Selain itu, di situs resmi juga tersedia berbagai video liga, kompilasi kill, aksi-aksi ekstrem yang menakjubkan, serta panduan pemula.

Setelah menonton beberapa video aksi menakjubkan dan membaca ulasan profesi, Su Lin memutuskan untuk memilih Penembak.

Keunggulan Penembak terletak pada jangkauan serangannya yang jauh serta daya tembak yang besar.

Di dunia sebelum ia bereinkarnasi, ia sangat menyukai memainkan posisi penyerang jarak jauh, jadi Penembak sangat cocok dengan kebiasaannya.

Su Lin melihat kecepatan unduhan, sudah mencapai lima puluh tiga persen, kira-kira setengah lagi.

Waktu menunggu memang terasa lama, jadi Su Lin melanjutkan menonton video liga "Kejayaan".

Gim "Kejayaan" sudah memasuki tahun kesepuluh, begitu pula liga profesionalnya.

Dalam satu dekade itu, tak terhitung pemain berbakat bermunculan, masing-masing membawakan karakter dalam gim dengan kemampuan luar biasa.

Karena sudah memilih Penembak, Su Lin pun memutuskan untuk fokus menonton kompilasi aksi Penembak dan panduan pemula. Soal teknik tingkat tinggi, itu nanti bisa dipelajari seiring waktu.

Setelah kira-kira setengah jam menunggu, akhirnya gim selesai diunduh.

Su Lin membuka klien gim, dan tampilan login pun muncul.

Di halaman login, kembali terpampang tulisan "Kejayaan Sepuluh Tahun".

Eh, Su Lin juga melihat sebuah pengumuman yang sangat mencolok di bawah.

Untuk merayakan ulang tahun ke sepuluh, "Kejayaan" membuka satu server khusus, yaitu Server Sepuluh.

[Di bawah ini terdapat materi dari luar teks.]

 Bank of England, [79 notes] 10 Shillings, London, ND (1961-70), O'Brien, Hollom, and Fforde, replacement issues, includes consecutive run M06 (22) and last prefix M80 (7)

Waktu pembukaannya adalah... satu minggu yang lalu.

Artinya, server baru itu baru saja dibuka, jadi level para pemain di dalamnya tak akan terlalu jauh berbeda.

Mata Su Lin berbinar, bagi pemain pemula, tentu saja server baru adalah pilihan terbaik.

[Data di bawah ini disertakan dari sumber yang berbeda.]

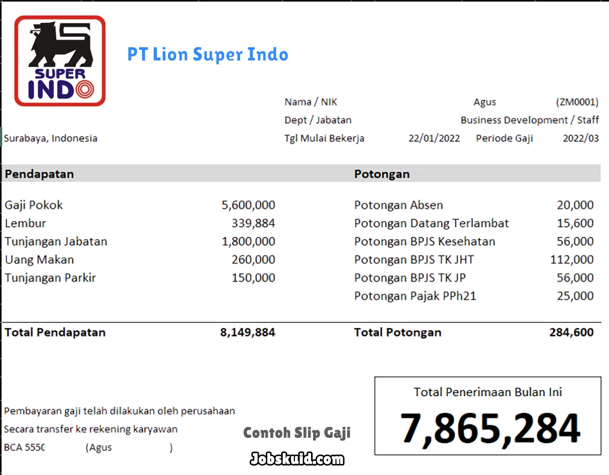 Gambar di atas adalah contoh slip gaji PT Lion Super Indo. Slip gaji tersebut memuat informasi seperti gaji pokok, gaji lembur, bonus, tunjangan, potongan, dan total gaji.
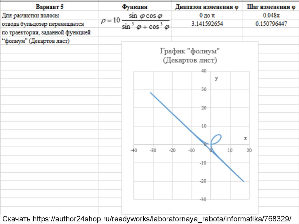 Для расчистки полосы отвода бульдозер перемещается по траектории, заданнойфункцией “фолиум” (Декартов лист)
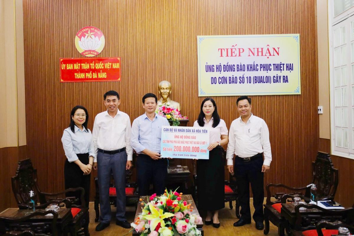 Đảng ủy, Ủy ban MTTQ Việt Nam xã Hòa Tiến trao số tiền ủng hộ đồng bào các tỉnh bị ảnh hưởng cơn bão số 10 tại Ủy ban MTTTQ Việt Nam TP Đà Nẵng
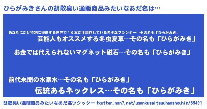 | ヘコむあだ名 | 『ひらを』『ひらがみき(震え声)』 |

Tanpa ragu, ia langsung mendaftar akun.

Setelah akun selesai dibuat, ia login ke dalam gim dan memilih masuk ke Server Sepuluh.

Muncul tampilan pembuatan karakter.

Nama karakter: Sepucuk Surat Cinta di Atas Kertas

Jenis kelamin: Laki-laki

Pilihan wajah pemula, pemilihan desa awal...

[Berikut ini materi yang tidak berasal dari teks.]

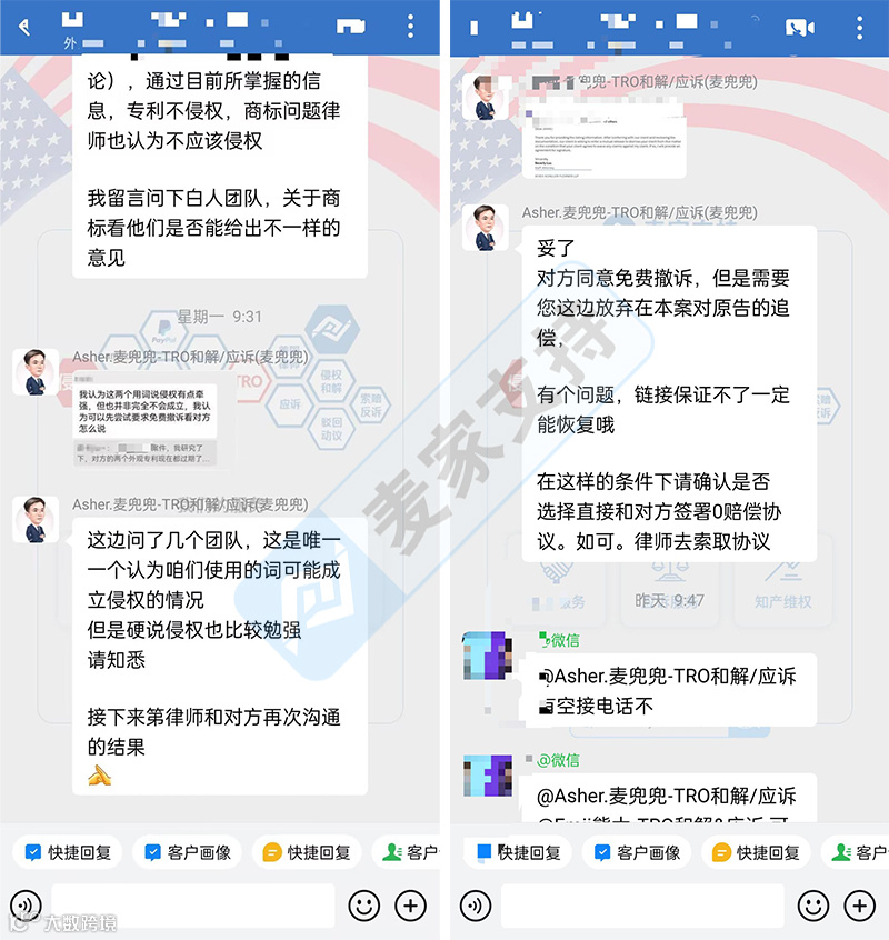 麦家支持律师团队和客户并未轻易接受这一提议,再次深入对比了双方的商标与专利,针对品牌方专利瑕疵点,并据此制定了更为有力的谈判策略,据理力争,最终成功说服品牌方接受了0赔偿并撤诉的条件,最终以卖家获得0赔偿并成功撤诉的圆满结果告终。

Semua itu ia atur dengan cepat, lalu langsung menekan tombol konfirmasi.

Namun saat ia menekan konfirmasi, tiba-tiba muncul kilatan di depan matanya.

"Ding, selamat kepada pemain karena telah membuat karakter gim. Karena kebutuhan skenario tertentu, data karakter telah mengalami sedikit perubahan."

Suara sistem terdengar di telinganya, membuat Su Lin merasa firasat buruk.

Ia melirik ke layar komputer...

Nama karakter: Sepucuk Surat Cinta di Atas Kertas

Jenis kelamin: Perempuan

...

Perempuan???

Astaga, sistem itu menghilang selama beberapa hari, semuanya berjalan tenang. Tapi kenapa begitu muncul, langsung membuat ulah sebesar ini?

Jenis kelamin yang semula laki-laki, diubah jadi perempuan, apa itu yang disebut perubahan kecil?